How do I check my custom Env in Reinforce.jl?

Hello all,

I have written a custom enviroment in reinforce.jl and now I want to check if it is correct (i.e. if the actions and the step function work as thought).
For this I wanted to call the functions one by one in the Julia REPL and execute them one after the other.
But then it always looks like in the uploaded example (here with the default CartPole environment, which is included in the package).

Does someone know how tho see what the actual values would be or how I can check my environment properly?

Thanks in advance!


You will have to create an instance of the CartPole environment. I’m not quite sure what the constructor is for CartPole (you can likely figure that out through ?CartPole in the repl to get documentation.

It will be something like:

env = CartPole()
step!(env, action, ...)

You should also be able to get what methods are available for instances of a type with methodswith(CartPole).

1 Like

Thanks a lot for your help!!! I never did the env = CartPole() line.

Have a great day!

@mkschleg would you be interested in giving me online tutoring for 1-2 hours?
My goal is to write a simple DQN Algorithm, which controls the heatpump in a Smart Home with PV energy generation and connection to the grid. I already wrote the env which would be the Smart Home then. I want to get the data for current electricity demand etc. via a CSV (my proplem at the moment is, that I don`t get Reinforce with DataFrames in its dependencys working).
The Agent will have the 3 decision possibilities: Heatpump_off, Heatpump_hotwater, Heatpump_floorheating.
If you have the time, I would be very happy for your help to write the matching Algorithm (and double check my env with me)!

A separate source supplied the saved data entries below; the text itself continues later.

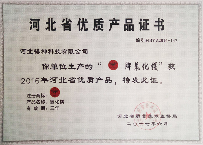 河北省優質產品證書
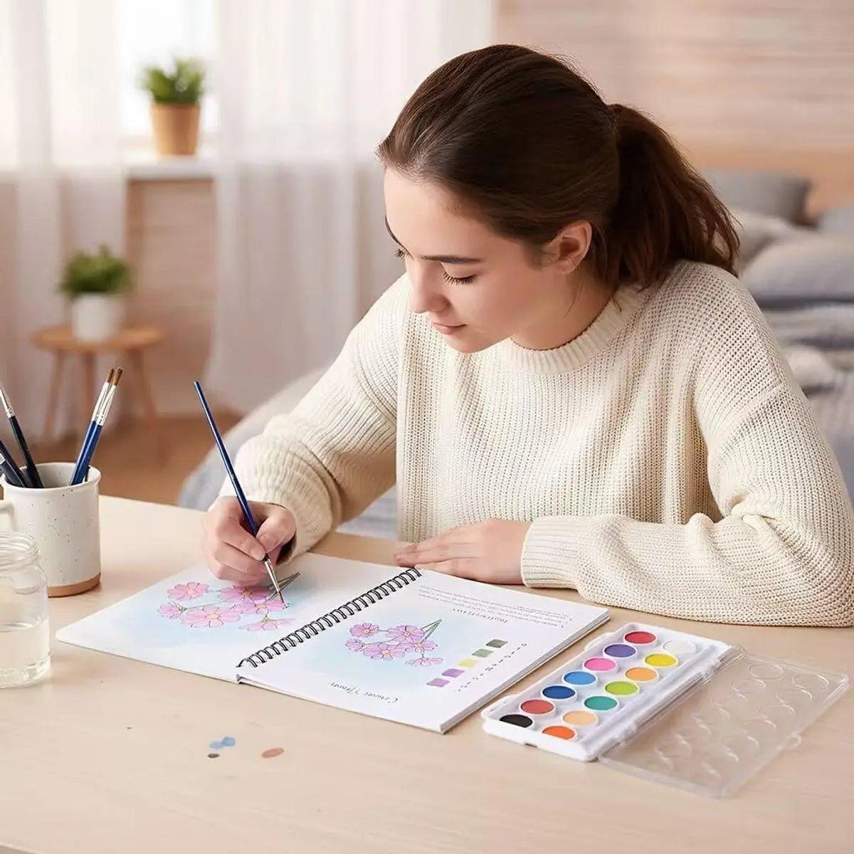 【Relaxing Anytime,Anywhere 】The watercolor book features a portable,compact design that makes it easy to bring along on trips or park,enjoy cozy painting time at home with friends.Start a relaxing creative journey when inspiration strikes
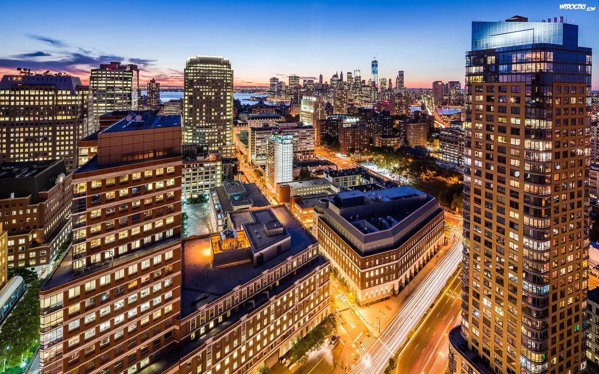 Zdj臋cia, Drapacze, Chmur, Biurowce, Rzeka, Brooklyn, Nowy, Jork, Panorama, Miasta
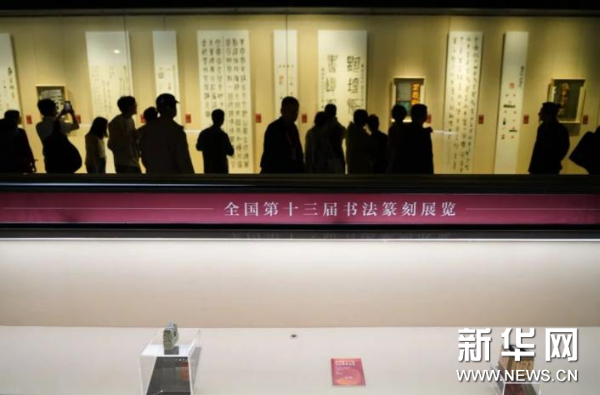 开幕式后,领导嘉宾参观全国第十三届书法篆刻展览(浙江展区)和学术专题特展“大匠运斤——近现代浙江篆书篆刻名家作品展”。
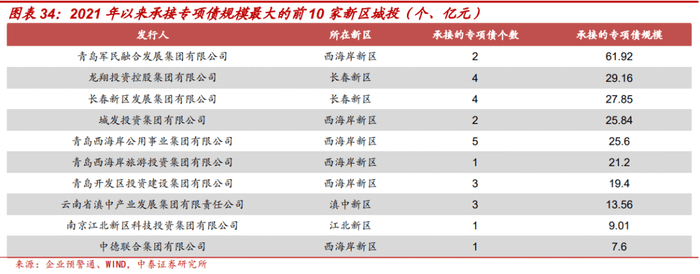 前文提到,上级政府对新区支持包括地方政府债券支持,对于新区符合条件的重大项目,上级政府在安排新增地方债额度方面予以倾斜。2021年至2022年4月末,共有27家新区城投承接了专项债项目。西海岸新区的青岛军民融合发展集团有限公司、城发投资集团有限公司、青岛西海岸公用事业集团有限公司、青岛西海岸旅游投资集团有限公司、青岛开发区投资建设集团有限公司,长春新区的龙翔投资控股集团有限公司、长春新区发展集团有限公司等获得的专项债规模较大。
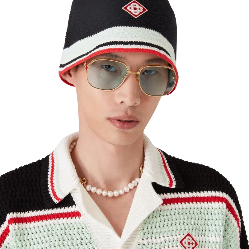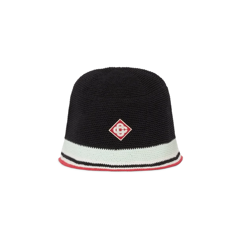 De gestreepte gehaakte hoed is een bucket-model, vervaardigd van een zacht, open geweven gehaakt katoen met textuur – de ultieme zomerse must-have. Afgewerkt met een blauw, rood, mintgroen en wit gestreepte rand en een Casablanca Diamond Monogram-applicatie in het midden.
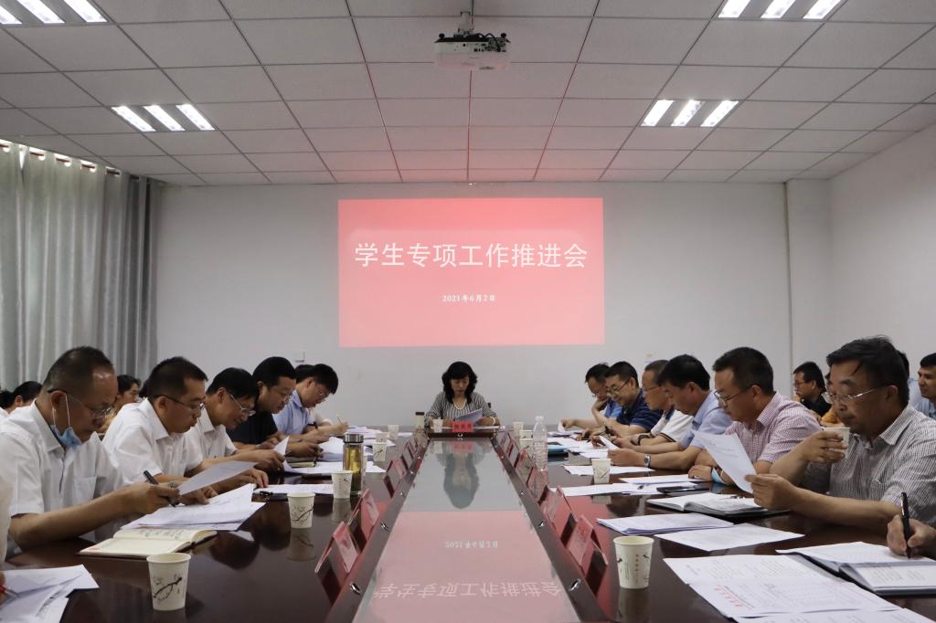 6月2日下午,学校召开学生工作专项推进会。党委副书记张爱萍出席会议并讲话。相关部门负责人、各学院领导、学生工作办公室和团委负责人参加会议。会议在工科实训楼2号会议室召开。

Thanks a lot for your help again!

I unfortunately don’t have time to take on anymore responsibilities/projects/students beyond my current load. I’m in my final(ish) year of my PhD, so have to focus on my research and thesis writing.

You may find it easier to get something working outside of reinforce, and tbh that package hasn’t been maintained in quite awhile and should be archived. I would move to ReinforcementLearning.jl.

I also have a repo MinimalRLCore.jl that I use to do research. It is much less capable than but it is also a slightly less opinionated and lets me scaffold more quickly. It is more in-line w/ Reinforce with some changes, but doesn’t provide any batteries like ReinforcementLearning.jl does.